The rear tire of my Manton Smith just exploded while I was in the shower. I'll have to ride something else


----------



## Awhipple (Apr 9, 2017)

Another great ride. Our biggest turnout yet. 21 people. Had a stem issue with Amanda's bike but Doug Fisk lived close by and lent her one of his.


----------



## Jarod24 (Apr 9, 2017)

Awesome Ride! So Stoked we had 21 people out there today! Thanks for everyone that came out! I was losing hope there for alittle bit haha. Was awesome to see so many people making it out! Only got 1 more month before the temp sucks!
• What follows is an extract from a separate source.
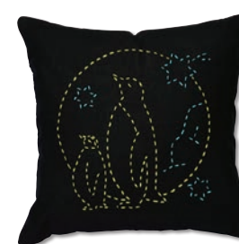
ペンギンのおやこ 糸の色：黄・水色

So lets make May a great one also!


----------



## cyclonecoaster.com (Apr 10, 2017)

With a hour & a half of sleep & a bit of a drive from SoCal - John & I made the trek for the ride - The weather was really nice as we rode over to Doug's place for a loaner bicycle to start the ride for Amanda - Great neighborhoods lined the ride where we ended up on a real nice bicycle path along the canal before heading to lunch where the food & drink was as good as it gets - A nice ride with everyone where I even heard talks from Jarod & Josh about some ride shirts in the near future - Put me & John down for a couple - We will have to do this again - Thanks for the day everyone where I took one ... yes one picture during the ride - A longer day for sure & we got back to SoCal around 4:30am ... just in time for a power sleep before work @ 7am - Good Times - Ride Vintage -Frank


----------



## cyclonecoaster.com (Apr 10, 2017)

I guess I took two pics


----------



## dougfisk (Apr 11, 2017)

Big thanks to Frank & John for coming out.  It was good to see you again.  Sorry I couldn't stay the duration.

And a special big thanks to any and all who _*take and post pictures*! 
_
@Jarod24
@cyclonecoaster.com
@Awhipple


----------



## Imsohawthorney (Apr 13, 2017)




----------



## Jarod24 (Apr 16, 2017)

@dougfisk heres a great pic of your Shelby, @Awhipple daughter took. Some awesome pics


----------